# [Requirement]
An exact, picture-free copy of the listing is required.

#### Given records ####

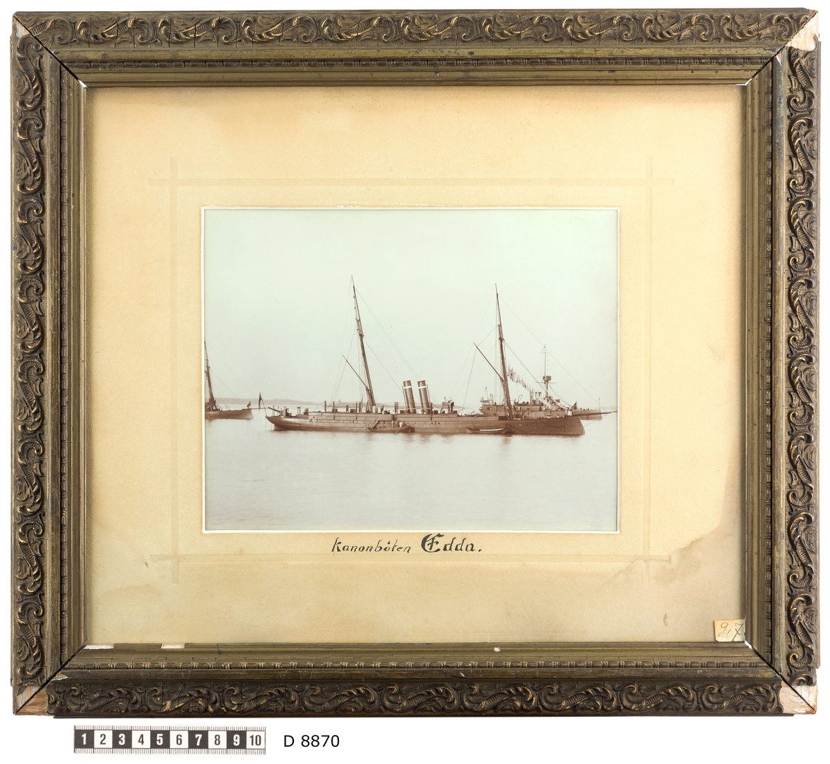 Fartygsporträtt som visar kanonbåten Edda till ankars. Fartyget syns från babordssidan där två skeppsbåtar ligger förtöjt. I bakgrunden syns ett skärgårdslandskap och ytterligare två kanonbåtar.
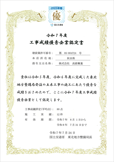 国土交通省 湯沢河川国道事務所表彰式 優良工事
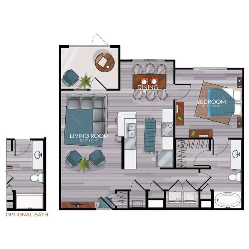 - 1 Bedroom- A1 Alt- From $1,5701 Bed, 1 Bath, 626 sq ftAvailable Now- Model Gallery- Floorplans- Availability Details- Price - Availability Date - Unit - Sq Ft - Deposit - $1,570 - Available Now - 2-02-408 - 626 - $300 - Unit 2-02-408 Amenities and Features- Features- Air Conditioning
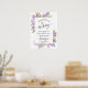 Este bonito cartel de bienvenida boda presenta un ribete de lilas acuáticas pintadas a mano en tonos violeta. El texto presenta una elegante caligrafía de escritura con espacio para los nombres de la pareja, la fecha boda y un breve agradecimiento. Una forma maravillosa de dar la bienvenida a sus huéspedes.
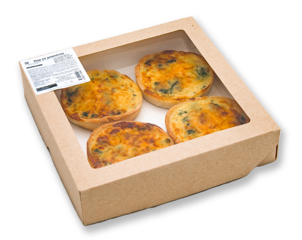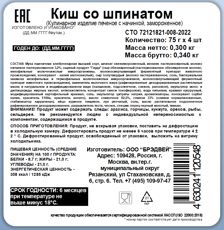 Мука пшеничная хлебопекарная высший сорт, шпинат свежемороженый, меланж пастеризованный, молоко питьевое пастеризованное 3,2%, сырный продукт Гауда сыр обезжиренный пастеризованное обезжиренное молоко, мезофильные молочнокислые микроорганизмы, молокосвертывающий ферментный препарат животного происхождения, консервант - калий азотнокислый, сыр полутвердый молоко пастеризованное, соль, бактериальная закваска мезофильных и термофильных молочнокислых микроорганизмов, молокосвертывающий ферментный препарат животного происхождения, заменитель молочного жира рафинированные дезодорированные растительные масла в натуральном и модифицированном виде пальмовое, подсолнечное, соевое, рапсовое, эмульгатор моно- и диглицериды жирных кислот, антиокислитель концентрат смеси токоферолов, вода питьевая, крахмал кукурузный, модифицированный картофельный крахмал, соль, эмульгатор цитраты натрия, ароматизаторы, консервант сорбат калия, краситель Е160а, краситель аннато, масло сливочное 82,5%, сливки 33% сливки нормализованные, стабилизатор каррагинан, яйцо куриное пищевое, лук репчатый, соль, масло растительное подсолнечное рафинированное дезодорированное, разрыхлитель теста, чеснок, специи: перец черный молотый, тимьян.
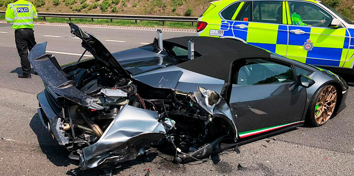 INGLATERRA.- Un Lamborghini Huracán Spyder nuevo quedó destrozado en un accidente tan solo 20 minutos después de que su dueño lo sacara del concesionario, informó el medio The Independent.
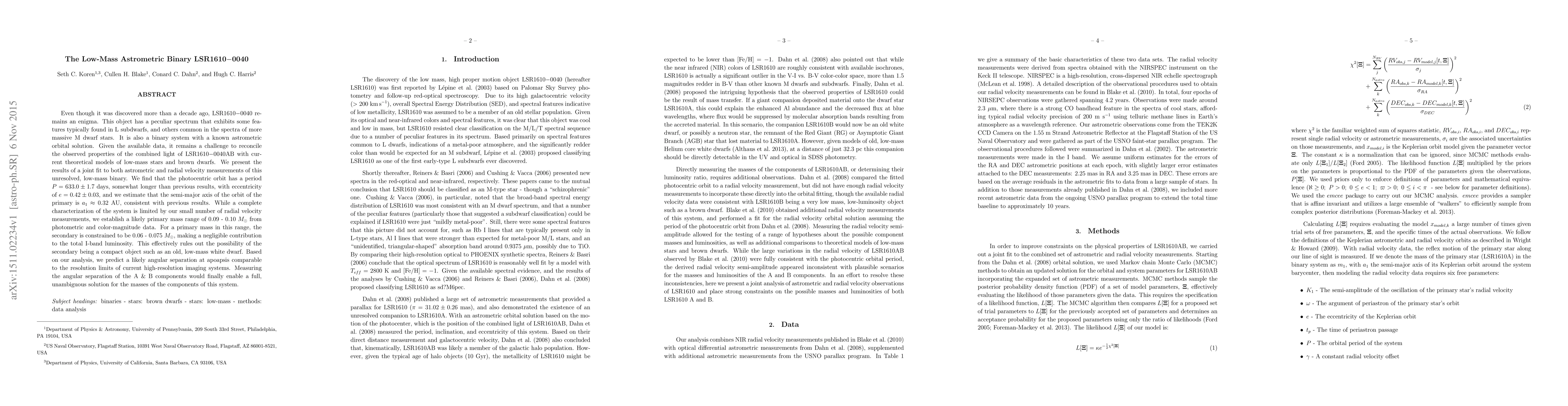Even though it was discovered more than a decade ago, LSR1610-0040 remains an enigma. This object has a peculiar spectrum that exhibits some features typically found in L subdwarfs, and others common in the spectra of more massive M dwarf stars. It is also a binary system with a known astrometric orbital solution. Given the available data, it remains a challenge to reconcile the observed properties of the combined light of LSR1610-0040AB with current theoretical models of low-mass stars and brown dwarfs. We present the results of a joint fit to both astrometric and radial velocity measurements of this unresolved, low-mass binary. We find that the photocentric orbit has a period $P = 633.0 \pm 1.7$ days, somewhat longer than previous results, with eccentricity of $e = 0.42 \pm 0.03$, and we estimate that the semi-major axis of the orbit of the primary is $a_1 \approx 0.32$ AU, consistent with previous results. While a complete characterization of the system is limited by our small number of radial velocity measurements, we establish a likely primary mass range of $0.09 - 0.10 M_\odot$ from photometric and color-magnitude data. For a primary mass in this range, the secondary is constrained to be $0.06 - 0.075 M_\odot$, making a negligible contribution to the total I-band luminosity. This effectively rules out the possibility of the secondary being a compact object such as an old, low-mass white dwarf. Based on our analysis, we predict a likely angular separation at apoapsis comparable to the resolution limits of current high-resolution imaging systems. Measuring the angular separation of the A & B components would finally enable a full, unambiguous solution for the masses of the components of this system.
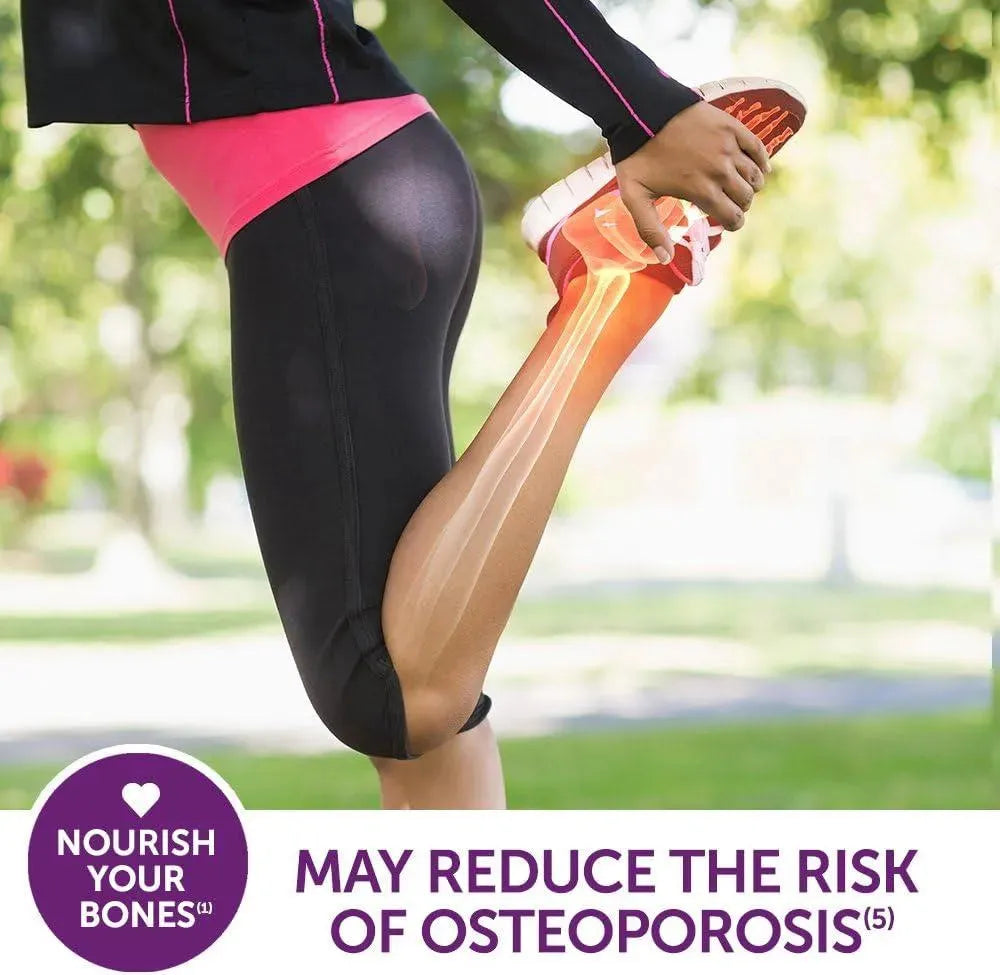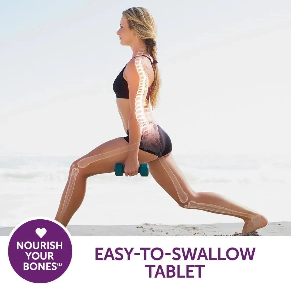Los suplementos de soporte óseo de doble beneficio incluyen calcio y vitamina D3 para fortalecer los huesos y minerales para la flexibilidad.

####

# [Result]
 Fartygsporträtt som visar kanonbåten Edda till ankars. Fartyget syns från babordssidan där två skeppsbåtar ligger förtöjt. I bakgrunden syns ett skärgårdslandskap och ytterligare två kanonbåtar.
 国土交通省 湯沢河川国道事務所表彰式 優良工事
 - 1 Bedroom- A1 Alt- From $1,5701 Bed, 1 Bath, 626 sq ftAvailable Now- Model Gallery- Floorplans- Availability Details- Price - Availability Date - Unit - Sq Ft - Deposit - $1,570 - Available Now - 2-02-408 - 626 - $300 - Unit 2-02-408 Amenities and Features- Features- Air Conditioning
 Este bonito cartel de bienvenida boda presenta un ribete de lilas acuáticas pintadas a mano en tonos violeta. El texto presenta una elegante caligrafía de escritura con espacio para los nombres de la pareja, la fecha boda y un breve agradecimiento. Una forma maravillosa de dar la bienvenida a sus huéspedes.
 Мука пшеничная хлебопекарная высший сорт, шпинат свежемороженый, меланж пастеризованный, молоко питьевое пастеризованное 3,2%, сырный продукт Гауда сыр обезжиренный пастеризованное обезжиренное молоко, мезофильные молочнокислые микроорганизмы, молокосвертывающий ферментный препарат животного происхождения, консервант - калий азотнокислый, сыр полутвердый молоко пастеризованное, соль, бактериальная закваска мезофильных и термофильных молочнокислых микроорганизмов, молокосвертывающий ферментный препарат животного происхождения, заменитель молочного жира рафинированные дезодорированные растительные масла в натуральном и модифицированном виде пальмовое, подсолнечное, соевое, рапсовое, эмульгатор моно- и диглицериды жирных кислот, антиокислитель концентрат смеси токоферолов, вода питьевая, крахмал кукурузный, модифицированный картофельный крахмал, соль, эмульгатор цитраты натрия, ароматизаторы, консервант сорбат калия, краситель Е160а, краситель аннато, масло сливочное 82,5%, сливки 33% сливки нормализованные, стабилизатор каррагинан, яйцо куриное пищевое, лук репчатый, соль, масло растительное подсолнечное рафинированное дезодорированное, разрыхлитель теста, чеснок, специи: перец черный молотый, тимьян.
 INGLATERRA.- Un Lamborghini Huracán Spyder nuevo quedó destrozado en un accidente tan solo 20 minutos después de que su dueño lo sacara del concesionario, informó el medio The Independent.
Even though it was discovered more than a decade ago, LSR1610-0040 remains an enigma. This object has a peculiar spectrum that exhibits some features typically found in L subdwarfs, and others common in the spectra of more massive M dwarf stars. It is also a binary system with a known astrometric orbital solution. Given the available data, it remains a challenge to reconcile the observed properties of the combined light of LSR1610-0040AB with current theoretical models of low-mass stars and brown dwarfs. We present the results of a joint fit to both astrometric and radial velocity measurements of this unresolved, low-mass binary. We find that the photocentric orbit has a period $P = 633.0 \pm 1.7$ days, somewhat longer than previous results, with eccentricity of $e = 0.42 \pm 0.03$, and we estimate that the semi-major axis of the orbit of the primary is $a_1 \approx 0.32$ AU, consistent with previous results. While a complete characterization of the system is limited by our small number of radial velocity measurements, we establish a likely primary mass range of $0.09 - 0.10 M_\odot$ from photometric and color-magnitude data. For a primary mass in this range, the secondary is constrained to be $0.06 - 0.075 M_\odot$, making a negligible contribution to the total I-band luminosity. This effectively rules out the possibility of the secondary being a compact object such as an old, low-mass white dwarf. Based on our analysis, we predict a likely angular separation at apoapsis comparable to the resolution limits of current high-resolution imaging systems. Measuring the angular separation of the A & B components would finally enable a full, unambiguous solution for the masses of the components of this system.
Los suplementos de soporte óseo de doble beneficio incluyen calcio y vitamina D3 para fortalecer los huesos y minerales para la flexibilidad.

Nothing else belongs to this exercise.